Appl Clin Inform 2015; 06(03): 565-576
DOI: 10.4338/ACI-2015-03-RA-0026
Research Article
Schattauer GmbH

Retrospective Derivation and Validation of an Automated Electronic Search Algorithm to Identify Post operative Cardiovascular and Thromboembolic Complications

M. Tien
1   Mayo Clinic, College of Medicine, Rochester, MN, United States
,
R. Kashyap
2   Mayo Clinic, Department of Anesthesiology, Rochester, MN, United States
,
G. A. Wilson
3   Mayo Clinic, Division of Pulmonary and Critical Care Medicine, Rochester, MN, United States
,
V. Hernandez-Torres
2   Mayo Clinic, Department of Anesthesiology, Rochester, MN, United States
,
A. K. Jacob
2   Mayo Clinic, Department of Anesthesiology, Rochester, MN, United States
,
D. R. Schroeder
4   Mayo Clinic, Health Sciences Research - Biomedical Statistics and Informatics, Rochester, MN, United States
,
C. B. Mantilla
2   Mayo Clinic, Department of Anesthesiology, Rochester, MN, United States
› Author Affiliations
Financial Support and Disclosure The Department of Anesthesiology and Division of Pulmonary and Critical Care Medicine at Mayo Clinic, Rochester, Minnesota supported this work with no direct financial support.
Further Information

Correspondence to:

Carlos B. Mantilla, M.D., Ph.D.
Department of Anesthesiology
Mayo Clinic
200 First Street SW
Rochester, MN 55905
Phone: (507) 284–7461   
Fax: (507) 255–7300   

Publication History

received: 10 March 2015

accepted in revised form: 28 August 2015

Publication Date:
19 December 2017 (online)

 

Summary

Background: With increasing numbers of hospitals adopting electronic medical records, electronic search algorithms for identifying postoperative complications can be invaluable tools to expedite data abstraction and clinical research to improve patient outcomes.

Objectives: To derive and validate an electronic search algorithm to identify postoperative thromboembolic and cardiovascular complications such as deep venous thrombosis, pulmonary embolism, or myocardial infarction within 30 days of total hip or knee arthroplasty.

Methods: A total of 34 517 patients undergoing total hip or knee arthroplasty between January 1, 1996 and December 31, 2013 were identified.

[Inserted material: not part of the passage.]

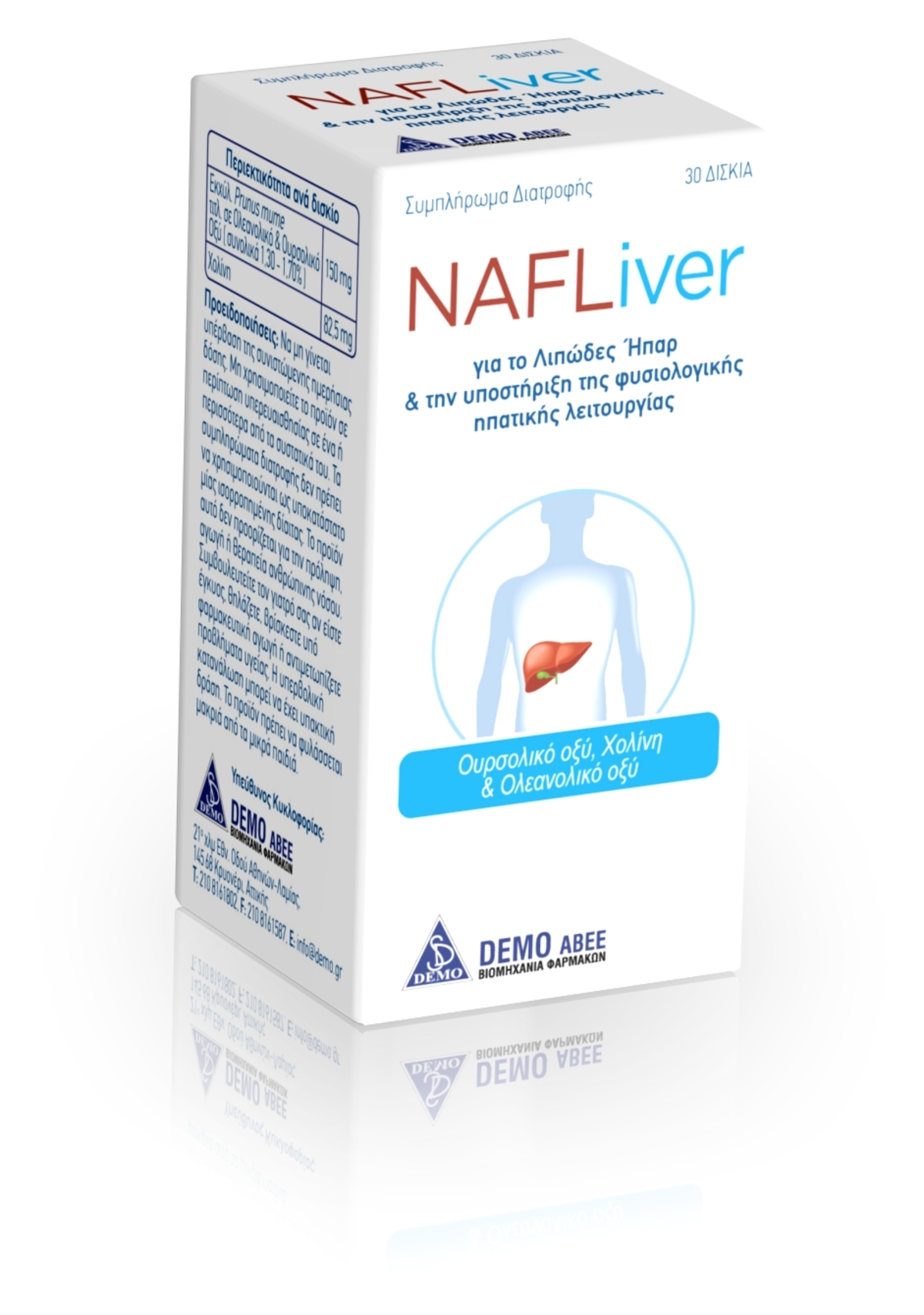 Η Φαρμακοβιομηχανία DΕMO ABEE, κυκλοφόρησε νέο και καινοτόμο προϊόν για το οποίο πρόσφατες κλινικές μελέτες απέδειξαν την ευεργετική δράση του πατενταρισμένου εκχυλίσματος που περιέχει Ουρσολικό και Ολεανολικό οξύ, στο λιπώδες ήπαρ και στην υποστήριξη της φυσιολογικής ηπατικής λειτουργίας.

Using a derivation cohort of 418 patients, several iterations of a free-text electronic search were developed and refined for each complication. Subsequently, the automated search algorithm was validated on an independent cohort of 2 857 patients, and the sensitivity and specificities were compared to the results of manual chart review.

Results: In the final derivation subset, the automated search algorithm achieved a sensitivity of 91% and specificity of 85% for deep vein thrombosis, a sensitivity of 96% and specificity of 100% for pulmonary embolism, and a sensitivity of 100% and specificity of 95% for myocardial infarction. When applied to the validation cohort, the search algorithm achieved a sensitivity of 97% and specificity of 99% for deep vein thrombosis, a sensitivity of 97% and specificity of 100% for pulmonary embolism, and a sensitivity of 100% and specificity of 99% for myocardial infarction.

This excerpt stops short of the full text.